Actinic means, as you mention earlier, that it has a spike in the blue wavelength around 420nm. It doesnt say anything about the rest of the colors that the bulb produces and very bright lighting at other wavelengths can overwhelm the blue spike. My actinic white bulb looks very bright white... Not very blue at all. Usually... When a bulb says actinic as the only word then that bulb is a very blue bulb. I say usually as i have seen one bulb that wasnt.


----------



## Fishy_Cichlid (Aug 4, 2011)

Number6, do you mean to say that ther are 2 types of Actinics ? Actinic white & Actinic Blue ? And that Actinic white is Actinic blue 'spike' with some other color of the spectrum and Actnic blue is a Actinic blue 'spike' with only blue color :roll: :roll:

The LFS fella told me that he has got a Philips Aquacoral Super Actinic. Now is that white or blue ? When i mention colors, as a layman, i mean the color i will get to see inside the tank. Thanks.


----------



## 60gallon (Dec 14, 2010)

Fishy_Cichlid said:


> Thanks Noddy. *But would really appreciate if I saw some tank pictures with say one, just actinics, one with just 10000K or 14000K and one with both. If we had these 3 pictures of the same tank one below the other, we can judge whats better.*


T5HO - 2x: 10K & 2x: Power-glo









If nobody posts any more pictures and you want to see what a 10K / actinic looks like on the same tank give me until this weekend and I'll swap my power-glos out w/ my actinics. I dont really like the actinic bulbs. They make the blues in my peacocks really pop but the other colors arent vibrate at all like they are with the power-glo bulbs. The 10K / power-glo combo gives them a natural looking color not an exaggerated look like it does with actinic bulbs.

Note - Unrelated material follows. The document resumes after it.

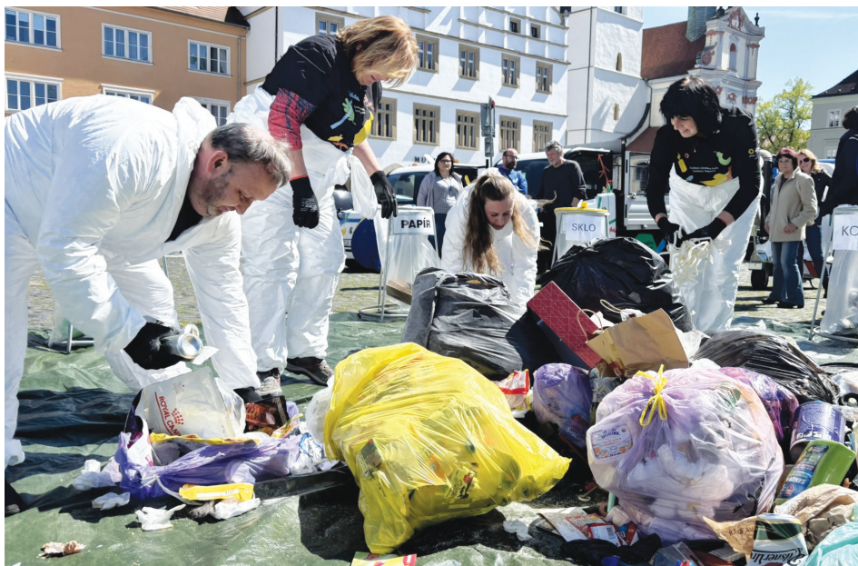
Pracovníci Technických služeb města třídí kontejner na směsný odpad přivezený na Mírové náměstí z ulice Revoluční.

Zároveň jsme si vědomi přetíženosti podzemních kontejnerů, kde v současné době

Everyones opinion will be different when it comes to what bulb(s) to choose and tanks will look different with the same bulbs so I suggest you spend a little money and buy several different bulbs to test out in *your *tank. *** bought 6 different bulbs to test out before finding the right combo in my tank.


----------



## Fishy_Cichlid (Aug 4, 2011)

Thanks so much 60gallons. You got a great looking tank. I would have rated your tank as just good but with the lights you have there, its superb.


----------



## Narwhal72 (Sep 26, 2006)

Lighting in a nut shell:

Lumens = How bright the light is to the human eye.

CRI (Color Rendition Index) how well the light reflects colors as compared to natural sunlight (=100). A high CRI bulb will be as close to natural sunlight as possible. A blue lamp makes blue colors stand out really well. However it does not show red and yellow colors very well so it has a low CRI. A high CRI lamp has a good output across the entire visual spectrum. However these may not be the brightest lamps available and many do not do blue colors very well.

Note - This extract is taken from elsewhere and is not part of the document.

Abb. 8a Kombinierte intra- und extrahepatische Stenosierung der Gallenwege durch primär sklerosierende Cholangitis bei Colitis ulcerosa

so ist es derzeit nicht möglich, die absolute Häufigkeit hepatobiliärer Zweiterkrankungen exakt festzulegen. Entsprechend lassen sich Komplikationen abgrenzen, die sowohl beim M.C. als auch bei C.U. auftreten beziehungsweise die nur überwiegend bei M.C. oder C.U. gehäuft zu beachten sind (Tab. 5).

Kelvin (Coordinated Color Temperature or CCT) rating = The color of the light as plotted on a color scale called a Planckian locus (google it for more information). A higher Kelvin number means a cooler light that goes towards blue.

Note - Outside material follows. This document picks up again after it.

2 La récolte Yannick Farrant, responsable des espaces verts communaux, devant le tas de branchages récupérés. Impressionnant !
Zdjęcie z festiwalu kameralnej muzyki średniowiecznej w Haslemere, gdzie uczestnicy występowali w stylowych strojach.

Actinic = A lamp or phosphor with a peak at 420 nm (blue-violet). Many "actinic" lamps are actually Royal Blue lamps (peaks at 450-470 nm). You can tell a true actinic by looking at it. If you see little squiggles in your vision it's an actinic. This is caused by the eye trying to "see" the light in the Ultraviolet range which is outside normal human vision. True actinics do not look as bright or as blue as a Royal Blue but do bring out fluorescence in fish and corals and are excellent for photosynthesis.

When comparing the same size and shape lamp more wattage = more light. However when you start comparing different lamp diameters and shapes it no longer holds true. A 28 watt NO T5 lamp is considerably brighter than a 40 watt T12 lamp even though it is less wattage. A 54 watt HO T5 (same size and shape as the 28 watt NO T5) is considerably brighter than the 28 watt.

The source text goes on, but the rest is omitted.